Changes to Canadian Grain Declarations

- Grain elevator

Farmers are encouraged to closely read new grain declarations for the 2020-21 grain year following recent changes which now include a legally binding agreement as required by the Canadian Grain Commission (CGC), a news release from Alberta Wheat and Barley Commissions, says on Aug. 5.

“This change adds an additional level of liability that farmers need to be aware of. Grain declarations have always been contractual agreements between the farmer and the grain company, but now we have a regulatory requirement that could result in legal ramifications,” Todd Hames, Alberta Wheat Commission chair, says in the release.

In many cases, the legally binding declaration required by the CGC is included as Part B of the annual contractual declaration required by grain companies to ensure farmers’ grain is eligible for delivery.

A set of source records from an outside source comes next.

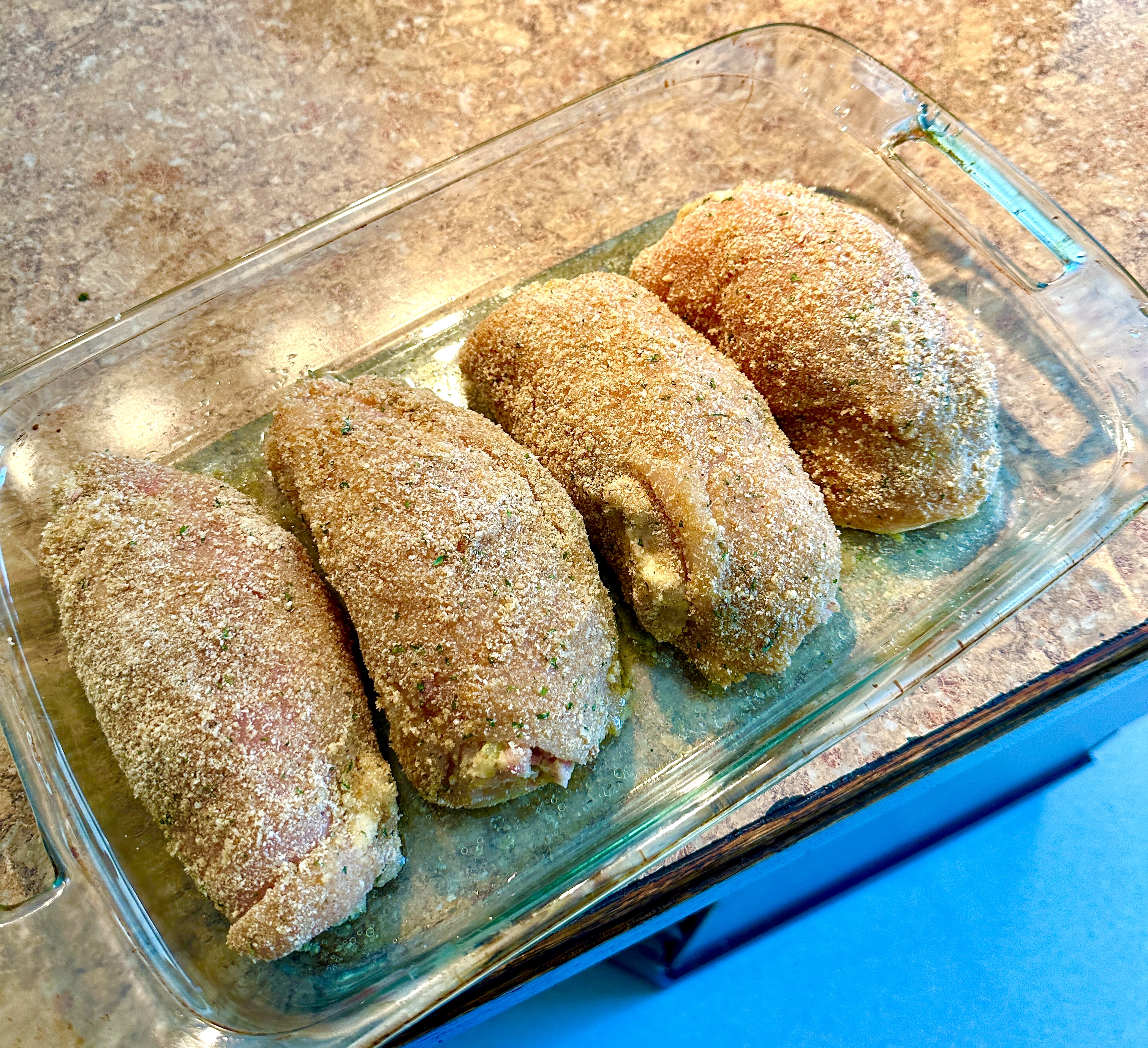 Take each piece of chicken and coat one side in the olive oil. Now place the coated side in the breadcrumb, taping down to adhere the coating. Take 1/4 of the stuffing and place it in the middle of the breast. Starting on the short end, roll up the chicken over the stuffing and make sure it is well coated with the breadcrumbs, patting and turning in the crumbs. You can seal the rollatini with toothpicks but I just place the finished rollatini seam side down in the roasting pan and that usually is fine without them opening up.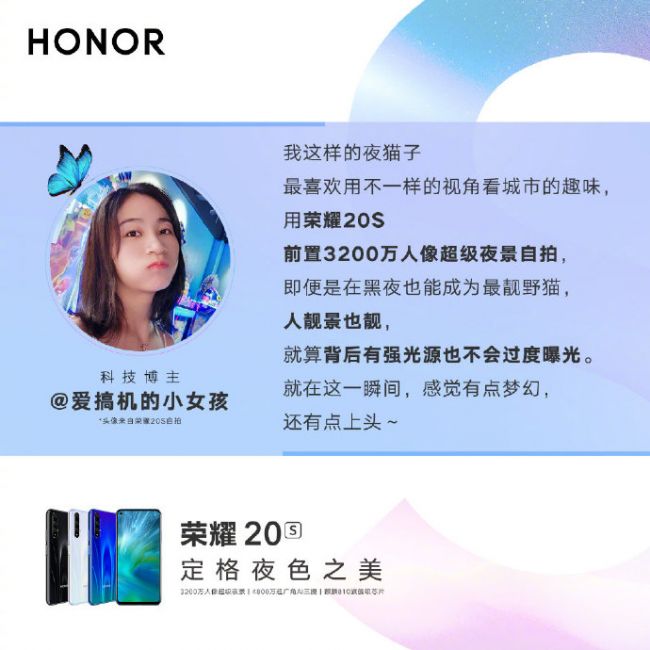 而有着“荣耀年度最强自拍手机”之称的荣耀20S则搭载了3200万人像超级夜景技术,突破性地将AIS人像超级夜景技术应用于前置,带来了“人像超级夜景自拍模式”,让夜景自拍实现 “夜美人更美,景亮人更靓”的效果。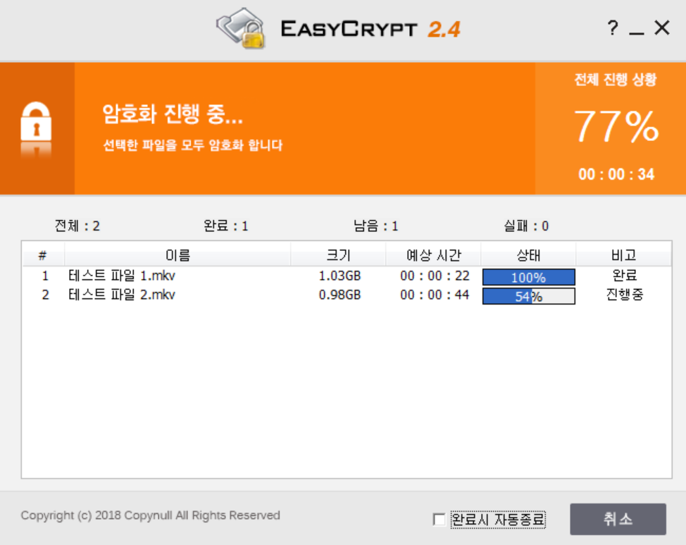 - 용량과 인코딩 언어와 무관하게 모든 파일에 대한 암호화와 복호화가 가능합니다.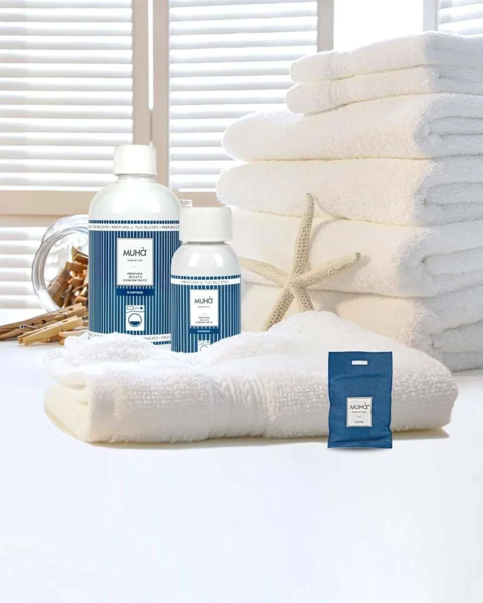 Il profuma Bucato Concentrato ideale per lavatrice o lavaggio a mano in formato da 400ml, appartiene alla linea Home; una linea che nasce dall’esigenza di ampliare l’offerta Muhà e creare un prodotto che permetta di “indossare” le fragranze.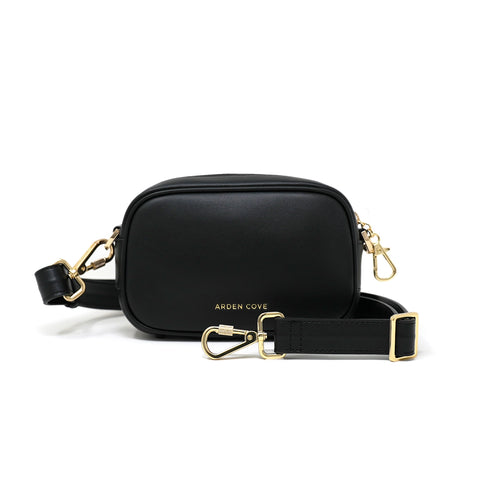 Anti-theft water-resistant Myko Crossbody in black with gold hardware with slash-resistant faux leather straps, front view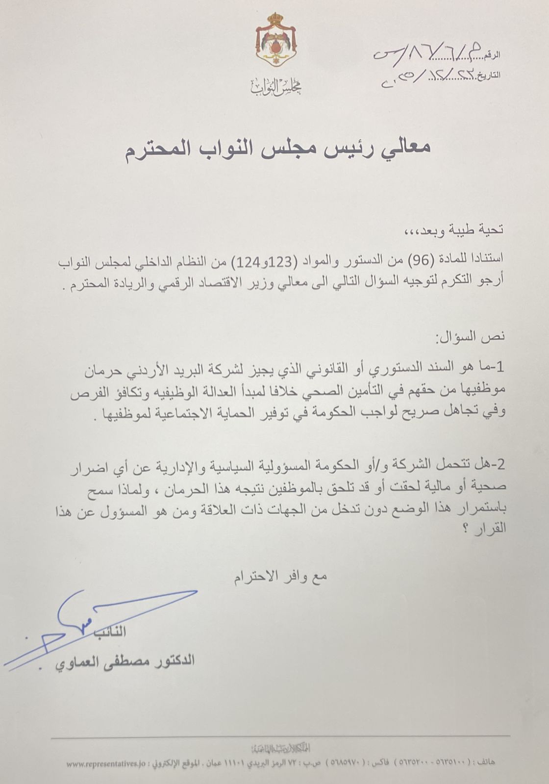 عمون - وجّه النائب الدكتور مصطفى العماوي سؤالاً نيابياً إلى وزير الاقتصاد الرقمي والريادة، استناداً لأحكام المادة (96) من الدستور والمادتين (123 و124) من النظام الداخلي لمجلس النواب، حول حرمان موظفي شركة البريد الأردني من حقهم في التأمين الصحي.

While most grain deliveries have required similar declarations in the past, as of August 1 2020 all regulated grains which are delivered to CGC licensed elevators or processors require a declaration, the release notes.

These changes require farmers to declare that grain being delivered is of a variety eligible for the kind of grain and class, and are the result of recent amendments to the Canada Grain Act. The change extends to all deliveries of grains regulated under the Canada Grain Act, and knowingly making a false declaration is considered an offence under the Act, the release says.

The changes follow concessions made under the Canada-United States-Mexico Agreement (CUSMA) which allow American farmers to sell eligible classes and varieties of wheat into Canada. Rather than introducing a regulatory contract specific to the sale of wheat, the CGC has extended the regulations to cover all grain sales.